Колобок доволен своими близкими, но мы, читатели и зрители, не совсем ими довольны. Более того — их поведение вызывает одновременно и восторг, и негодование, и уверенность, и тревогу, и радость за то, что есть среди нас люди, не испытывающие душевной борьбы, когда речь идет о расправе с врагом, и страх за то, что есть среди нас люди, не ведающие душевной борьбы, когда речь идет о расправе с отцом. Страшновато, что семья Колобка, знающая его всю жизнь, мгновенно поверила в измену, не задумываясь, не рассуждая, не пытаясь искать причины, не сопрягая поступка отца с разгорающимся подпольным сопротивлением врагу. Ведь они многие годы прожили бок о бок, разговаривали, делились самым заветным. И вдруг все забыто, все перечеркнуто — Колобок изменник, его надо судить.
Правда, писатель не идет на облегчение конфликтов — Колобок действительно кажется всем старостой, никаких намеков не дает он близким по поводу истинного, партизанского своего положения. Главная забота Колобка — как можно естественнее сыграть свою роль вражеского пособника не только перед самими фашистами, но и перед семьей, которая обязана поверить в его предательство, поверить, а потому и не проговориться, не помешать серьезнейшим замыслам партизанского подполья.
Колобок приводит в дом гитлеровцев, всячески угождает им, заставляет угождать жену и детей, истово принимает фашистские приказы, радостно готов их исполнять, ни малейших душевных сомнений нельзя заметить в этом человеке, сомнений, сопровождающих даже самые черные, подлые предательства.
Словом, семья Колобка имеет все основания поверить в его измену, он не дал им ни малейшей зацепки для иных мыслей, для хотя бы и смутных подступов к истине.
Таким образом, положение действующих лиц в комедии сразу же становится напряженно-трагическим. Отец — изменник, жена и дети ненавидят врагов, готовы бороться с ними не на жизнь, а на смерть. Все необычайно достоверно, — игра Колобка игра высокого класса, здесь нет фальши, легкого узнавания.
Так драматург всерьез начинает комедию, никому не облегчая задачи — ни действующим лицам, ни зрителям. В предательство Колобка как будто бы можно и поверить — он стал гитлеровским старостой, факты неумолимы. И в этой предельно серьезной завязке комедии залог ее эмоциональной силы, ее «неигрушечности» в игровой, искрящейся юмором стихии народного лубка.
Однако, не облегчая своим героям сложных житейских коллизий, не давая легких ответов, автор тем более требователен к нравственному уровню персонажей «Трибунала». Чем убедительнее делается поведение Колобка, тем выше должна становиться душевная организация его близких, которые, даже видя неопровержимые факты, не могут не стараться их опровергнуть.

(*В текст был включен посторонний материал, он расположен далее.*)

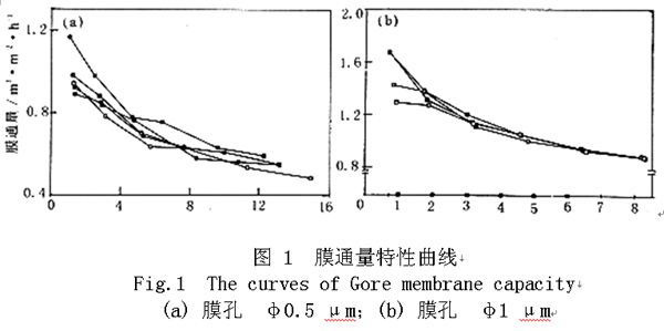 由(you)圖1可(ke)(ke)見(jian),0.5 μm和(he)1 μm的(de)戈(ge)爾薄(bo)(bo)膜(mo)濾(lv)料(liao)在前5 min的(de)平均膜(mo)通量(liang)分別為0.8 m3/(m2*h)和(he)1.2 m3/(m2*h),以后膜(mo)通量(liang)減小,曲線趨(qu)于平緩(huan),但(dan)每次反吹脫(tuo)泥餅后仍可(ke)(ke)恢(hui)復(fu)良好膜(mo)通量(liang)特(te)性(xing),這(zhe)是因為該濾(lv)料(liao)采用戈(ge)爾專有的(de)膨體聚四氟乙烯薄(bo)(bo)膜(mo)制造技術制成(cheng)的(de)。具有表(biao)面(mian)摩(mo)擦因數低(di),單(dan)位膜(mo)面(mian)積成(cheng)孔(kong)率高等特(te)性(xing),能始終保持較(jiao)低(di)過濾(lv)阻力和(he)較(jiao)高膜(mo)通量(liang)。因此,用戈(ge)爾薄(bo)(bo)膜(mo)濾(lv)料(liao)處理含氟廢水(shui),膜(mo)孔(kong)選用0.5 μm,設計單(dan)位處理量(liang)0.8 m3/(m2*h),過濾(lv)壓(ya)力0.08~0.10 MPa,過濾(lv)周期每5 min設定反吹一(yi)次。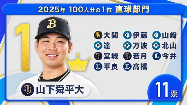 이마이 타츠야(휴스턴 애스트로스), 이토 히로미(홋카이도 닛폰햄 파이터즈), 타이라 카이마(사이타마 세이부 라이온즈) 등 2025시즌 NPB에서 정상급 구위를 자랑한 선수들이 전부 야마시타에게 표를 던질 정도로 동료 선수들로부터 특출나다는 평가를 받았다.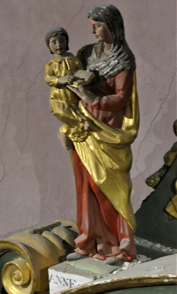 Sainte Anne, maman de la vierge Marie, tient dans sa fille dans ses bras droit et un livre de sa main gauche.

Конфликтная ситуация пьесы разгорается все острее, обрастает новыми и новыми столкновениями. Лейтмотив пьесы: что же важнее в отношениях близких людей — неожиданное узнавание о чем-то плохом в человеке или целая совместная жизнь, отрицающая дурной поступок? Должна ли существовать уверенность в том, что именно зтот родной тебе человек, проверенный годами, не мог бы без важных причин совершить предательство?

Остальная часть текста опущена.